● **Work task**
Reproduce the lines below exactly, from the one containing "Black and Blue" through the one containing "Tato sada PREP00016", both included. Leave out any pictures.

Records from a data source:
# # # # # # #
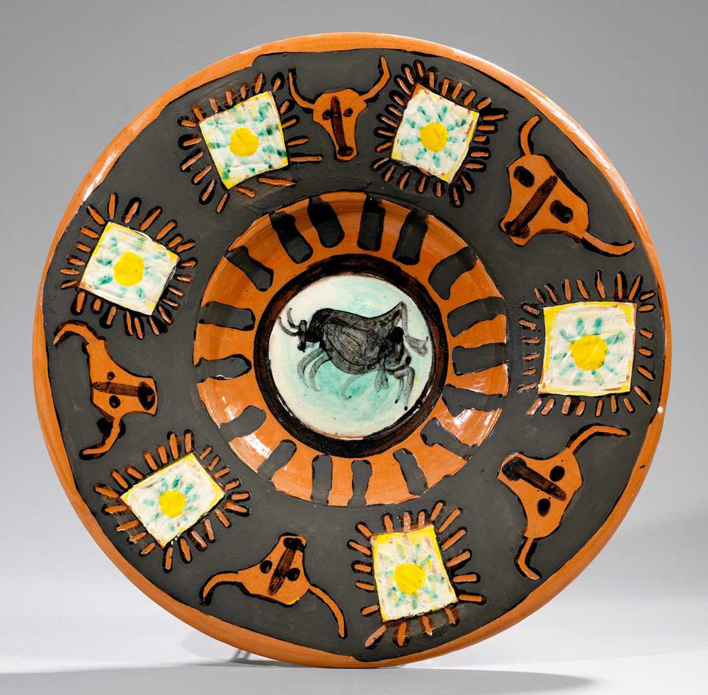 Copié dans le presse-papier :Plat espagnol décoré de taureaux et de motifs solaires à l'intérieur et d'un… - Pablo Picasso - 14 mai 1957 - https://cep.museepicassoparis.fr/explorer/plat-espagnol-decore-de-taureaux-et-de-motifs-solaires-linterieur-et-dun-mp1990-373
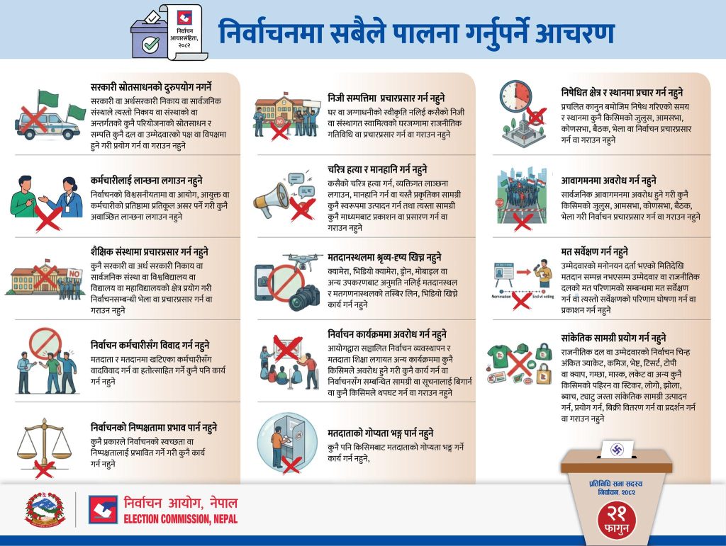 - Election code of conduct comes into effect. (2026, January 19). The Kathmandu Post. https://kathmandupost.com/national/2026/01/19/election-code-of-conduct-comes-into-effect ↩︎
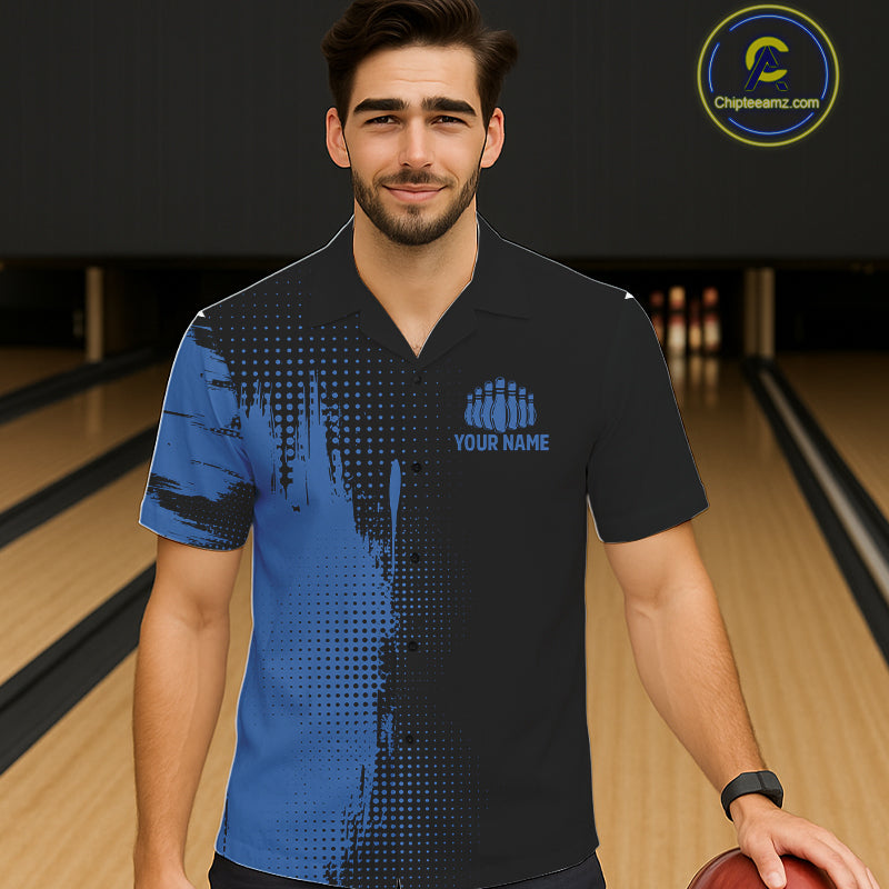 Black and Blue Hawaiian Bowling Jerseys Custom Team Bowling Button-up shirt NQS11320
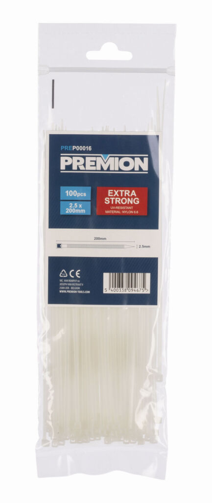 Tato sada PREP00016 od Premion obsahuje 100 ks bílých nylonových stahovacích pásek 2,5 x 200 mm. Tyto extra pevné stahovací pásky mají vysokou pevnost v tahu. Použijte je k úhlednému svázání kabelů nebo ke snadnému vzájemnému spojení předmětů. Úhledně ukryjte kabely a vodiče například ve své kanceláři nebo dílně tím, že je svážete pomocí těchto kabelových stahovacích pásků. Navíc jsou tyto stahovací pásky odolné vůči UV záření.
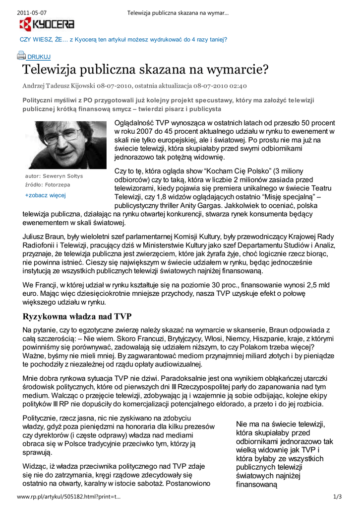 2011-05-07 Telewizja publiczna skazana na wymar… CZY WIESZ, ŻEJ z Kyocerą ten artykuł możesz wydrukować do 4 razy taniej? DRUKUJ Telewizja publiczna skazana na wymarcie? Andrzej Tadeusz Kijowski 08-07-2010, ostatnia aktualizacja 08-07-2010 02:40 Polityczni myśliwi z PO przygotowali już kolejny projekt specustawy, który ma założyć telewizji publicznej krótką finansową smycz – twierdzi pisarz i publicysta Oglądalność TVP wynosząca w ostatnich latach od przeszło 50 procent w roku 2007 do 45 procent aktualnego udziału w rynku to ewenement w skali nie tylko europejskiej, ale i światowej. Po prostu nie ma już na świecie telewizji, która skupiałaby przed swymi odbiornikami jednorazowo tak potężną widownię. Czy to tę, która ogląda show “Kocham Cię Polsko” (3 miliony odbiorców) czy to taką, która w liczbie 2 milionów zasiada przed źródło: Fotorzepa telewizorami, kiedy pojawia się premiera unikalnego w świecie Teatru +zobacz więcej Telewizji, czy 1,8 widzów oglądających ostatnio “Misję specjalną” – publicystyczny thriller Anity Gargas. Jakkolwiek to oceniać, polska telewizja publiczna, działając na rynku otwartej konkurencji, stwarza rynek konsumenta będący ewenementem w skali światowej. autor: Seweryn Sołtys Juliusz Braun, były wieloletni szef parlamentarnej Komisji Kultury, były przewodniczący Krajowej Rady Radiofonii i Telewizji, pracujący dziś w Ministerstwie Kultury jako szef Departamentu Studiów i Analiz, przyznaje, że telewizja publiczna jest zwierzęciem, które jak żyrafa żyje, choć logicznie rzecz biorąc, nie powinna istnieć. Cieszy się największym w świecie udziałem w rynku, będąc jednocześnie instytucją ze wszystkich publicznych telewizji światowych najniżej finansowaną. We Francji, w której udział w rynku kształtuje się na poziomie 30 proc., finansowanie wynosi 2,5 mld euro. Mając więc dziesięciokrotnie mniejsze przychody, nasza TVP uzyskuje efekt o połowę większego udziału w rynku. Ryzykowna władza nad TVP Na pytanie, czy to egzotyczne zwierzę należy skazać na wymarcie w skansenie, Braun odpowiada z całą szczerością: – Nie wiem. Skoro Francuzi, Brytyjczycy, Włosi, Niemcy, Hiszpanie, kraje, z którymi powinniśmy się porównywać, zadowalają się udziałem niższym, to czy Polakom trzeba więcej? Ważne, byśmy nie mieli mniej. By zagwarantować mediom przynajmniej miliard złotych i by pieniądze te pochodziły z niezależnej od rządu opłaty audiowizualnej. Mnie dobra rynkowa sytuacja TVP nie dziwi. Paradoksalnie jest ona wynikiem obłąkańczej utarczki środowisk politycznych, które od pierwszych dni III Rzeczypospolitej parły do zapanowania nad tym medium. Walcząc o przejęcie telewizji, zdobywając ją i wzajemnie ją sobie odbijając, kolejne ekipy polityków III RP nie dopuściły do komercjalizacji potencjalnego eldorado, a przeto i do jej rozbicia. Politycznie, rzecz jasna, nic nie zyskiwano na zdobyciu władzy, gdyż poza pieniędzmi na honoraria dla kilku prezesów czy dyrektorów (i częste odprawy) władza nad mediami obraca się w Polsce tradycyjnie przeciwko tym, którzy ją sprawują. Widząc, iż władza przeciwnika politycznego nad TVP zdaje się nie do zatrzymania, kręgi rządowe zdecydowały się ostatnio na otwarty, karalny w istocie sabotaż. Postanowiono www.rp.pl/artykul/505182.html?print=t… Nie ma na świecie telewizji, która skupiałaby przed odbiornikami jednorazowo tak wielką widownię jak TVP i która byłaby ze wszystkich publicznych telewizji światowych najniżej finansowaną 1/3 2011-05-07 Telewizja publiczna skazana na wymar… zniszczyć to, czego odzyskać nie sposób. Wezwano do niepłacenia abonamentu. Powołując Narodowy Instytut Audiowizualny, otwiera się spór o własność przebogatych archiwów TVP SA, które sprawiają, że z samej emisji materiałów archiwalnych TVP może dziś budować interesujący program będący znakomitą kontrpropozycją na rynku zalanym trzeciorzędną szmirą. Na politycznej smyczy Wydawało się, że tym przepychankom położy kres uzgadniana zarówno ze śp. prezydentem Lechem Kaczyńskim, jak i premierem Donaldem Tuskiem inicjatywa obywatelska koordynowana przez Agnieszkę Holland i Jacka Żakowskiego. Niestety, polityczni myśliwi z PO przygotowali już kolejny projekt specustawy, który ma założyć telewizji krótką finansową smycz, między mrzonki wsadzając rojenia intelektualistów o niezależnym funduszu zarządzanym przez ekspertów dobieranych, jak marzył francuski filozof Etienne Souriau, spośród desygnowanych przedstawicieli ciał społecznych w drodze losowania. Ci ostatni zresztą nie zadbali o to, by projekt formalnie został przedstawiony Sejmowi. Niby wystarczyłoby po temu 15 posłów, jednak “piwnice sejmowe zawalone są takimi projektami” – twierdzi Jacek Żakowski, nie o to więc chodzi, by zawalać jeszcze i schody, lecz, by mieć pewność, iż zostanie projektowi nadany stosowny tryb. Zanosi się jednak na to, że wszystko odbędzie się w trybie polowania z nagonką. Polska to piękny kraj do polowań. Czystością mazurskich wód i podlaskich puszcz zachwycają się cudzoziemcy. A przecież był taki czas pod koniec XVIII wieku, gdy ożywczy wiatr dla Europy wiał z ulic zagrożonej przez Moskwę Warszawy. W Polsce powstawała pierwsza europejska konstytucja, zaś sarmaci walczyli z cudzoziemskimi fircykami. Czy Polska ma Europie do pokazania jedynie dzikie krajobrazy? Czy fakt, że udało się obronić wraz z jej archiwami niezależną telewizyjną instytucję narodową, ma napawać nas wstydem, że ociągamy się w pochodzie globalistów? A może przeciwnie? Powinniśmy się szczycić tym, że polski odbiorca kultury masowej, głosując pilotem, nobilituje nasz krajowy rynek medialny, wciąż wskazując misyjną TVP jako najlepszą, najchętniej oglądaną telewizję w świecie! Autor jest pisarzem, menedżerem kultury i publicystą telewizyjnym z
# # # # # # #
● **Your solution**
 Black and Blue Hawaiian Bowling Jerseys Custom Team Bowling Button-up shirt NQS11320
 Tato sada PREP00016 od Premion obsahuje 100 ks bílých nylonových stahovacích pásek 2,5 x 200 mm. Tyto extra pevné stahovací pásky mají vysokou pevnost v tahu. Použijte je k úhlednému svázání kabelů nebo ke snadnému vzájemnému spojení předmětů. Úhledně ukryjte kabely a vodiče například ve své kanceláři nebo dílně tím, že je svážete pomocí těchto kabelových stahovacích pásků. Navíc jsou tyto stahovací pásky odolné vůči UV záření.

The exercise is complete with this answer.